South Carolina Lawyers Tasked with Choosing Method of Execution for Death Row Inmate

South Carolina Attorneys Forced to Choose Execution Method for Inmate

In an unprecedented legal move in South Carolina, lawyers are being asked to choose the mode of execution for their client, Freddie Owens, sentenced to death. Should they fail to make the decision by September 6, Owens will face execution through the electric chair – a method Owens explicitly wishes to avoid.

Circumstances Leading to Legal Team’s Decision

Owens, who has relinquished the choice of his execution method to his legal team, did so on the grounds of his Muslim faith, which forbids him to participate in his own death. Following this, Owens’ legal representative, Emily Paavola, has been authorized with power of attorney to decide between lethal injection, firing squad, and electrocution, the three permissible methods of execution in South Carolina.
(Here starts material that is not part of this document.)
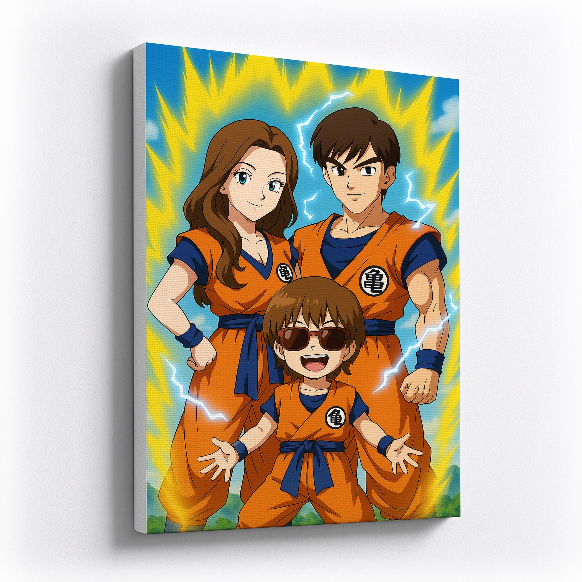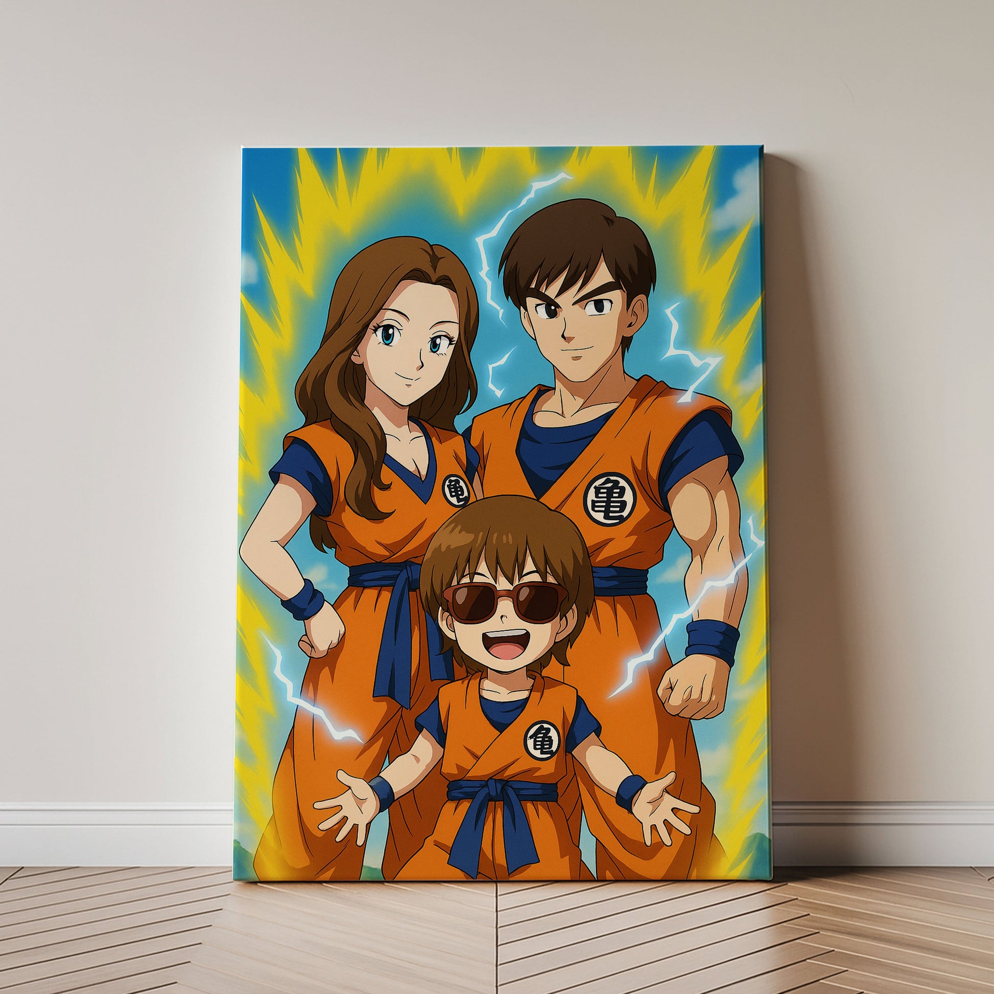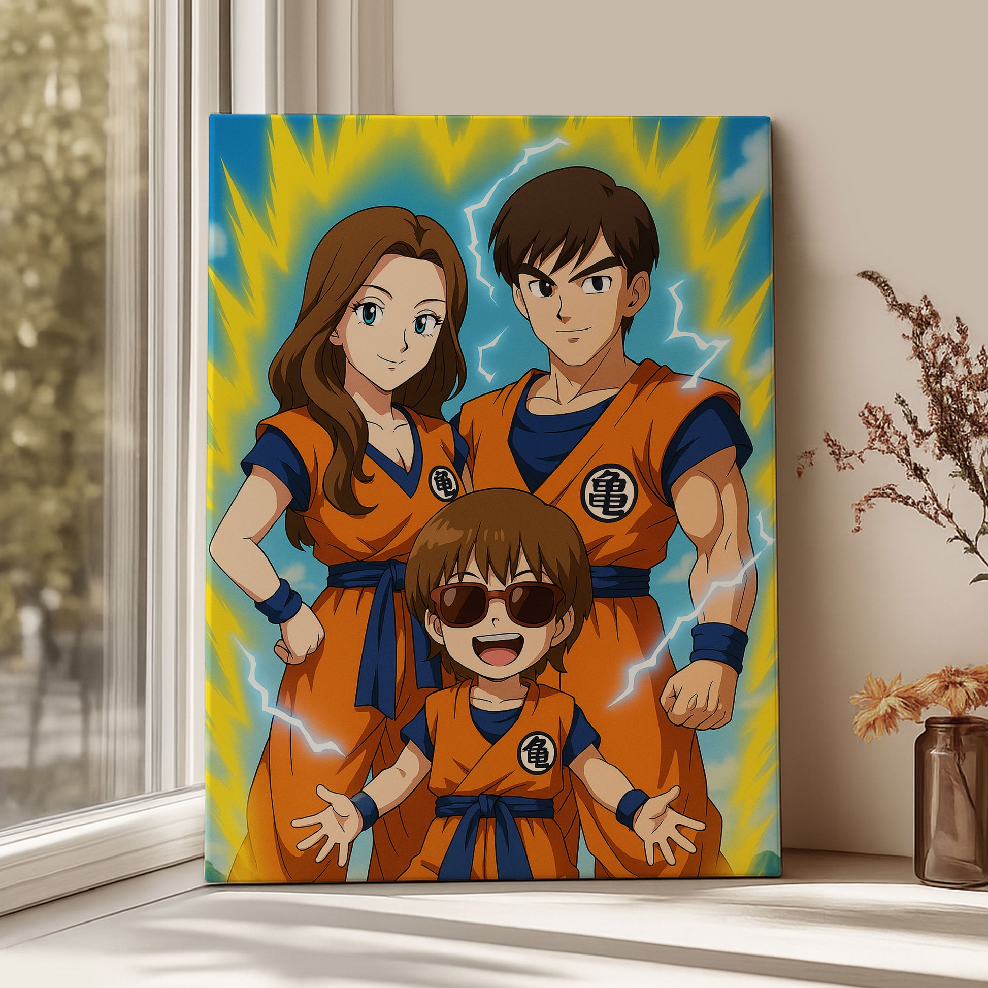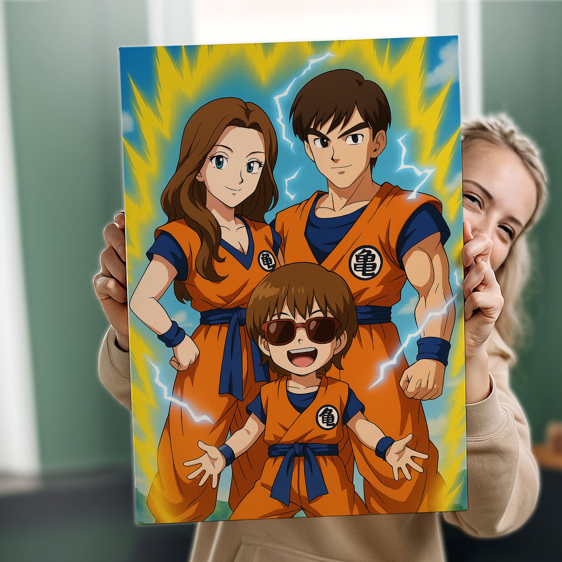Each canvas print is expertly personalized, turning your photo into a Dragon Ball-style character with all the strength, determination, and energy of your favorite Saiyan warriors. Whether it’s a special family moment, a favorite pet, or a heroic photo with friends, we bring your vision to life with Dragon Ball-inspired detail and flair.

Owens, condemned to death for the murder of a Greenville convenience store clerk in 1997 and for the subsequent murder of his detention cellmate, is faced with the grim selection of his own end, after challenging the legality of South Carolina’s execution policy, under which death by firing squad was introduced as an option to condemned inmates.

Reflection on the Unusual Legal Obligation

This peculiar and ethically compromising situation has given rise to a wide-ranging debate, scrutinizing the boundaries and responsibilities of defense lawyers in capital punishment cases. Robin Maher, executive director of the Death Penalty Information Center, opined, “Being forced to participate in how her client will die, or how to counsel her client about which way he will die, is antithetical to their role and their purpose in a death penalty case.”

Implications on Future Execution Laws

This unique predicament arises in the backdrop of recent amendments in 2021, to South Carolina’s legislation on capital punishment, which introduced death by firing squad as an option. It also made electric chair the default method if the condemned person couldn’t choose a method. The legislation paved the way to the current situation where the responsibility of making a life and death decision has fallen upon the shoulders of Owens’ attorneys.

In July, the S.C. Supreme Court ruled that the state’s execution policy was not in violation of cruel and unusual punishment. Under this ruling, the path has been cleared for Owens’ attorneys to decide on his method of execution. This unprecedented turn of events in South Carolina’s judicial system sets a daunting precedent for all stakeholders involved in capital punishment cases.